Сказано это было таким тоном, что у Лин загорелись уши. Словно бы нечто необыкновенно непристойное и оскорбительное прозвучало. С удвоенным усердием она принялась наносить мазь, надеясь, что боль будет по-настоящему мучительной. Главарь пил. С каждым глотком его движения замедлялись, глаза заволокла постепенно пелена. Наконец он утратил контроль над собой и стал стонать сквозь зубы. Прошло еще несколько минут, прежде чем снадобье подействовало, и мужчина кулем свалился с табурета. Лин медленно стерла с рук остатки мази.
На этом месте план ее кончался, собственно, даже не начавшись. Лин совершенно не представляла, что сделает, когда главарь уснет. Взгляд ее пошарил по комнате. На подставке — невероятной красоты резной подставке из зеленого и белого нефрита, наверняка украденной из богатого поместья, — покоился меч. Был он массивный, грубый на вид, и казалось, изысканный резной камень вот-вот сломается под гнетом. Лин попыталась поднять этот меч, и он в самом деле оказался для нее слишком тяжелым. Зато она отыскала небольшой кривой нож, и он был в самый раз. Стиснув сделанную из рога рукоять, Лин медленно подошла к лежащему на коврах мужчине.
Нужно просто воткнуть этот нож ему в сердце. Или перерезать горло. Первое проще, второе — надежнее, хотя Лин сомневалась, что у нее достанет сил.
Она сомневалась, что у нее достанет духу.
Лин опустилась на колени, прицелилась, держа нож обеими руками, занесла его над головой, надеясь увеличить силу удара. Широкая ладонь сжала оба ее запястья, выкрутила, и нож полетел в сторону. В следующее мгновение Лин оказалась прижата к коврам и шкурам тяжелым, смердящим телом. Главарь вновь поцеловал ее, грубо, кусая губы, а потом рассмеялся:
— Я все ждал, когда ты начнешь действовать. Это все, что ты можешь? Какое разочарование! Батуны! Мой хлыст!
Лин сжалась от страха, пытаясь стать как можно меньше и незаметнее. Продолжая удерживать оба ее запястья, главарь поднялся и толкнул девушку в руки своего подручного.
— Держи ее крепче.
Первый удар, нанесенный по спине, был еще терпим. Второй был сильнее и разорвал ткань одежд. Лин взвыла от боли. Главаря словно бы подстегнул этот звук, и удары посыпались один за другим. Вскоре боль стала почти невыносимой, и Лин потеряла сознание.
* * *
За истекшие годы пустыня, конечно, изменилась, но карта, между тем, оказалась, к удивлению Цзюрена, достаточно точной.
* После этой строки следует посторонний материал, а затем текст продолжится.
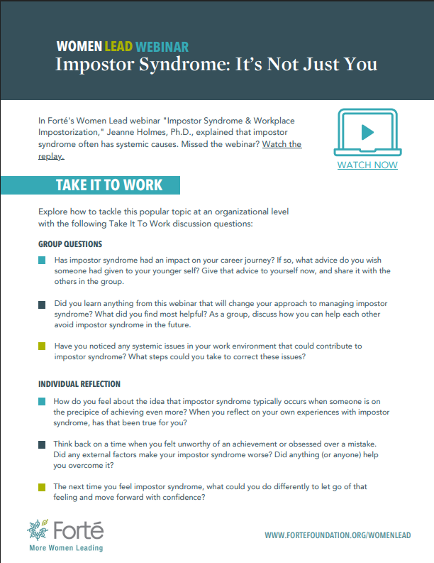 If you haven’t seen the webinar yet, watch it on demand. If possible, watch it with a few friends or colleagues so you can talk about it together afterward. Share your experiences with Impostor syndrome and discuss how the webinar prepared you to tackle it in the future. Download the discussion guide for some questions to get you started.
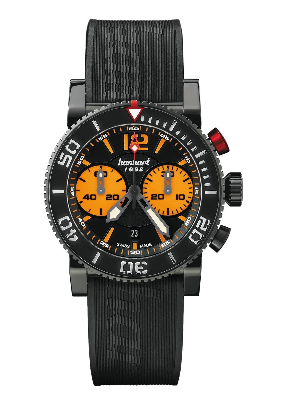 The Primus Diver from Hanhart is in tune with its time. Nevertheless, references to the brand’s past are not lacking. These include its famous red pushpiece, one of the brand’s identifying features since 1939, designed to make the chronograph more user-friendly for fighter pilots, the fluted bezel and the bi-composite dial. The 2011 version of the Primus Diver is clean and cool in its black ADLC-treated case.
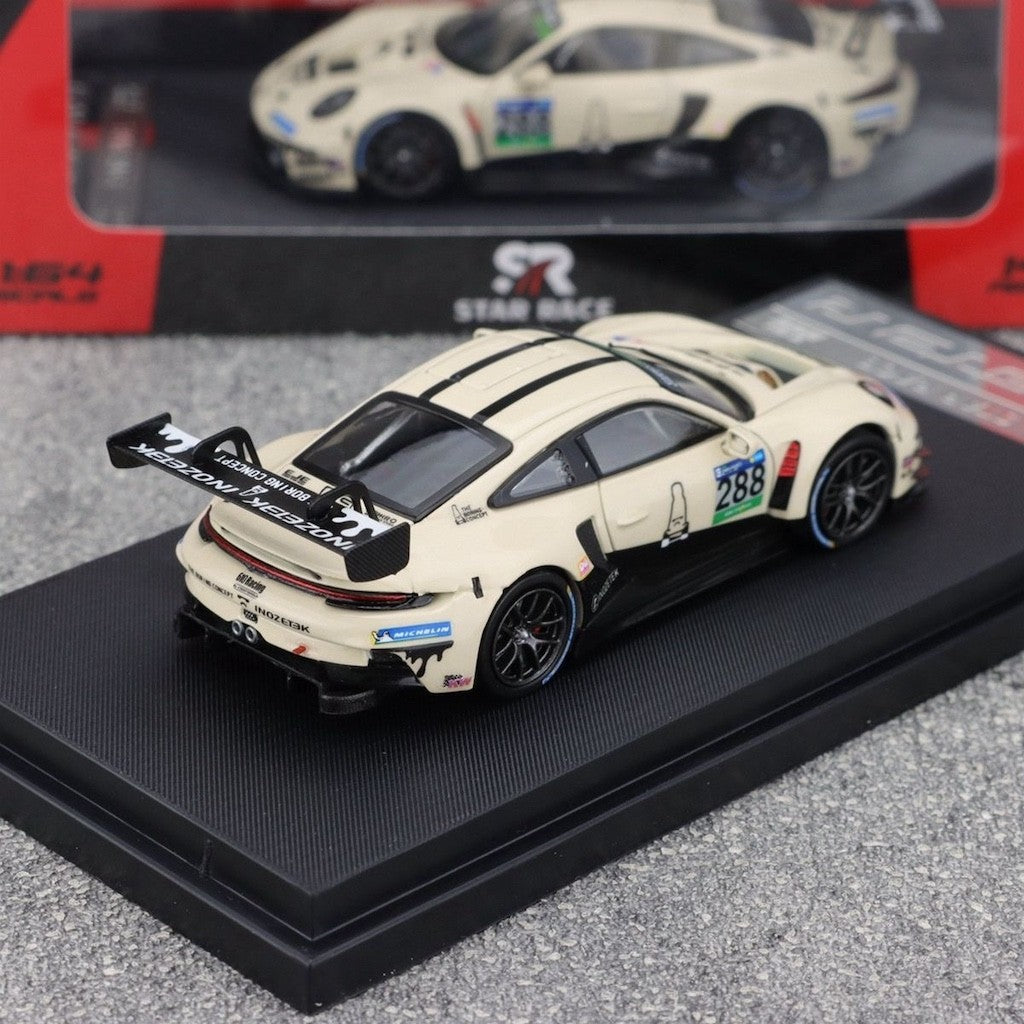 SR 1:64 Beige 911 GT3 R #288 Racing Sports Model Diecast Metal Car New Collection

На ней были указаны несколько колодцев, что встретились им по пути. Два оказались пересохшими и были занесены песком, в остальных была вода, а вокруг следы недавно проезжавших всадников. А пару часов спустя на горизонте показалось зарево. Абаш отправил Ратаму на разведку, а все остальные до поры спешились и укрылись за одинокой скалой в густой тени.
— Как будем действовать, ага?
— Это зависит от многих обстоятельств. Хорошо бы напугать их, застав врасплох.
— Батунов? — усомнился Абаш.
— Бандиты трусливы, — покачал головой Цзюрен.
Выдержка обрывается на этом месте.